Elles invoquent, pour ce faire, des demandes reposant sur de simples allégations et un comportement procédural caractérisant une réelle intention de nuire en faisant successivement état de la demande portant sur la liasse de groupe qui n’est soutenue par aucune preuve, du montant de la créance de liquidation réclamée qui ne vise, selon elles, qu’à compenser la minoration par la cour d’appel du montant des indemnités allouées par la juridiction consulaire – sommes dont elles se sont acquittées spontanément – ou encore de la volonté de la société Sonesta de 'relancer’ un contentieux déjà tranché en instrumentalisant la présente procédure, lui reprochant de chercher par tous moyens et de façon mensongère à voir juger qu’elles n’ont pas déféré à l’injonction prononcée alors qu’elles se sont évertuées à l’exécuter dans les meilleurs délais.

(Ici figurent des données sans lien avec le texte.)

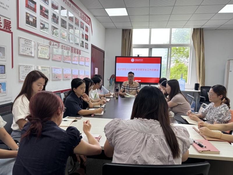 为扎实推进2025年秋季学期学生工作,会计学院召开2025年秋季学期学生工作部署会,李晓卫对各项工作的时间节点与责任分工进行细化说明。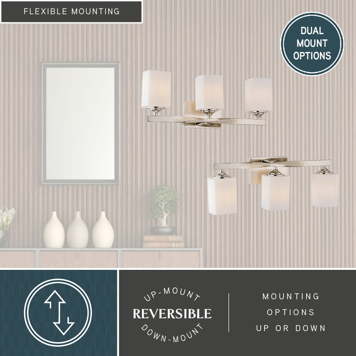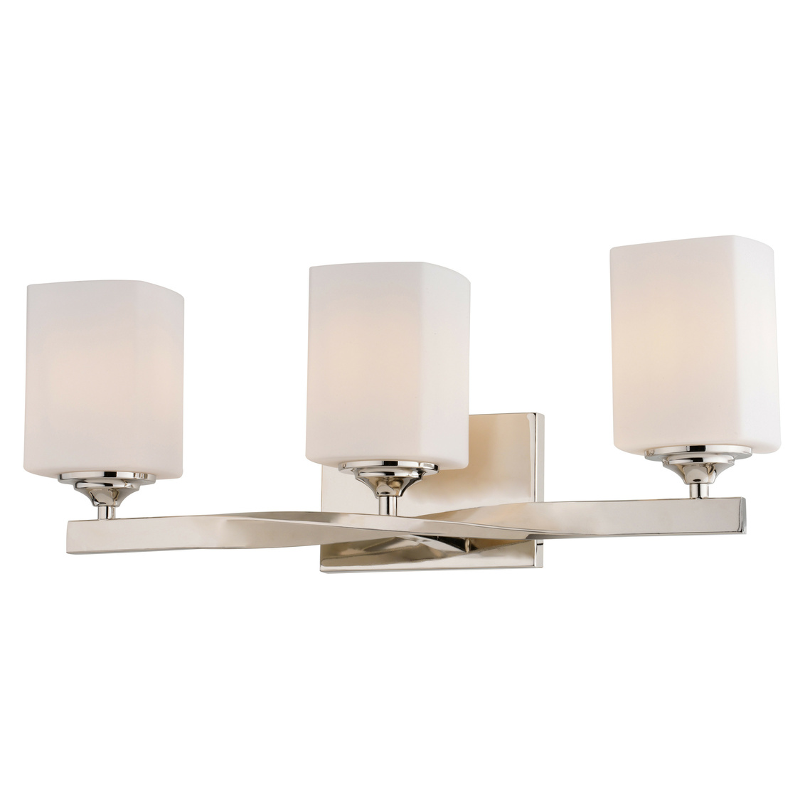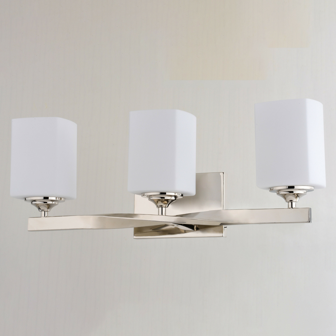 Create a sophisticated ambiance with the updated transitional Robey vanity light. Its polished nickel finish and frosted white glass shade... Show more

Il y a lieu de considérer, s’agissant d’un droit fondamental, qu’il ne peut être reproché à un justiciable d’ester en justice ou d’user des voies de recours qui lui sont offertes par les textes, fût-ce en portant une appréciation erronée sur la portée de ses droits, sauf à établir que le but poursuivi est étranger à la reconnaissance du droit qui constitue l’objet de son action ou de son recours.
La démonstration d’un tel comportement fautif n’est pas faite par les intimées dès lors que quand bien même la motivation de la société Sonesta, quatorze ans après une rétention de documents jugée fautive et à la suite de condamnations définitives réparant les préjudices induits n’est pas clairement exprimée, il n’en reste pas moins qu’elle n’a fait que poursuivre, certes sans succès, la liquidation d’une créance fondée sur un titre exécutoire en développant pour ce faire des moyens de droit et de fait, la volonté de rechercher un profit destiné à compenser des réclamations qui n’ont été indemnisées que partiellement ne se révélant qu’hypothétique en la seule considération objective d’une demande en principal au montant disproportionné.

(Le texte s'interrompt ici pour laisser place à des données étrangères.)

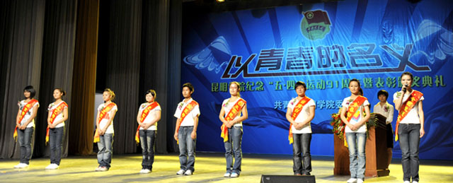 5月21日下午,yl23455永利官网“以青春的名义”纪念“五•四”运动91周年暨表彰颁奖典礼在昆明市人民胜利堂隆重举行。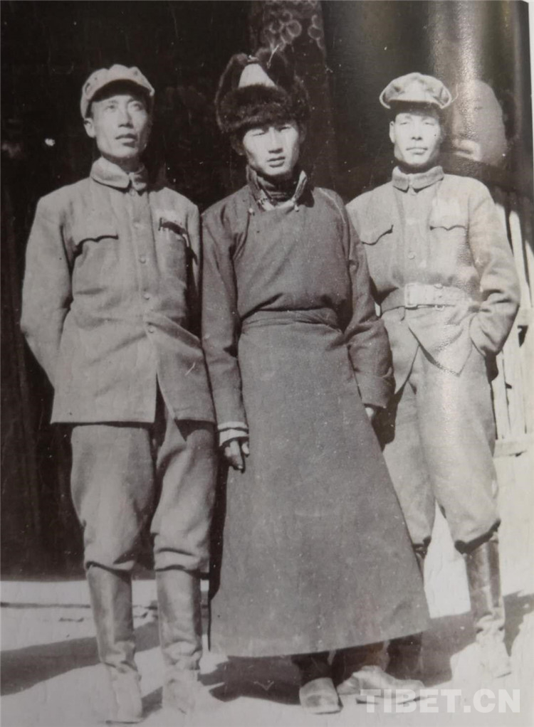 图为1951年11月18日,团长郄晋武(右)政委杨军(左)与江孜喇嘛寺白吉堪布(中)合影。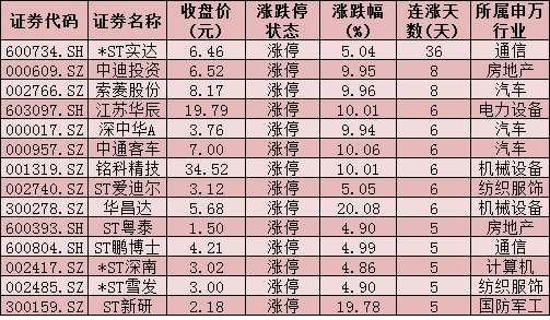 表:連續(xù)5日上漲且今日漲停股情況:

Par suite, le jugement sera confirmé en son rejet de cette demande indemnitaire.
Sur les frais de procédure et les dépens
L’équité conduit à condamner la société Sonesta à verser aux intimées la somme complémentaire de 5.000 euros par application de l’article 700 du code de procédure civile.

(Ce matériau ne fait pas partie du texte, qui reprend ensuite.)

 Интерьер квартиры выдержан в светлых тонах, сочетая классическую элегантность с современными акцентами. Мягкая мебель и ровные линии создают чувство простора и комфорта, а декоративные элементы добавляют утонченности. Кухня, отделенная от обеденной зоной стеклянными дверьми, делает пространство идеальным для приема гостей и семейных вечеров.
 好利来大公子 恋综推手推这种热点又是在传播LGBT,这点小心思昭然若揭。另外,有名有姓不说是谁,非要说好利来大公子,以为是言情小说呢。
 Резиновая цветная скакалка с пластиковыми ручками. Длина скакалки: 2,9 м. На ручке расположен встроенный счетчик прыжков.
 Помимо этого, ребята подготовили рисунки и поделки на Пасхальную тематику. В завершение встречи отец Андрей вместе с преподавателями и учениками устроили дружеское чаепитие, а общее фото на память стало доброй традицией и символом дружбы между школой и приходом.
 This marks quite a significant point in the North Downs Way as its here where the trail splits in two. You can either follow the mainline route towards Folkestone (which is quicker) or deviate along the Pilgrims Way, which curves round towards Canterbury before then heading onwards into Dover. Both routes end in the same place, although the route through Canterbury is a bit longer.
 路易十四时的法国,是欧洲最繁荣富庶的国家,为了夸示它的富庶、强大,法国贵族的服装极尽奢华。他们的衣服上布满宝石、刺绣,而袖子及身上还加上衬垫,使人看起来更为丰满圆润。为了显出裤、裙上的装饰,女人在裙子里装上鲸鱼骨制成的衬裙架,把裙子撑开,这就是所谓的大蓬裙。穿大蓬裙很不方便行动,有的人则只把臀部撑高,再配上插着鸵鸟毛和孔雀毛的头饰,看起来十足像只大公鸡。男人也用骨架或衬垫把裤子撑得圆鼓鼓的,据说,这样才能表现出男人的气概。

Déboutée de ce dernier chef de demande, l’appelante qui succombe supportera les dépens d’appel.
PAR CES MOTIFS
La Cour, statuant publiquement, contradictoirement et par mise à disposition au greffe ;
Rejette les moyens procéduraux soulevés par les sociétés Kpmg et Rydge Conseil (anciennement dénommée Kpmg Esc & Gs) tenant à la nullité de la déclaration d’appel et à l’irrecevabilité des conclusions adverses ;
CONFIRME le jugement entrepris et, y ajoutant ;
Condamne la société civile Sonesta & Investissement à verser à la société anonyme Kpmg et à la société par actions simplifiée Rydge Conseil (anciennement dénommée Kpmg Esc & Gs) la somme globale et complémentaire de 5.000 euros en application des dispositions de l’article 700 du code de procédure civile ainsi qu’aux dépens d’appel avec faculté de recouvrement conformément aux dispositions de l’article 699 du même code.
Arrêt prononcé par mise à disposition de l’arrêt au greffe de la cour, les parties en ayant été préalablement avisées dans les conditions prévues au deuxième alinéa de l’article 450 du code de procédure civile, signé par Madame Fabienne PAGES, Présidente et par Madame Mélanie RIBEIRO, Greffière, auquel la minute de la décision a été remise par le magistrat signataire.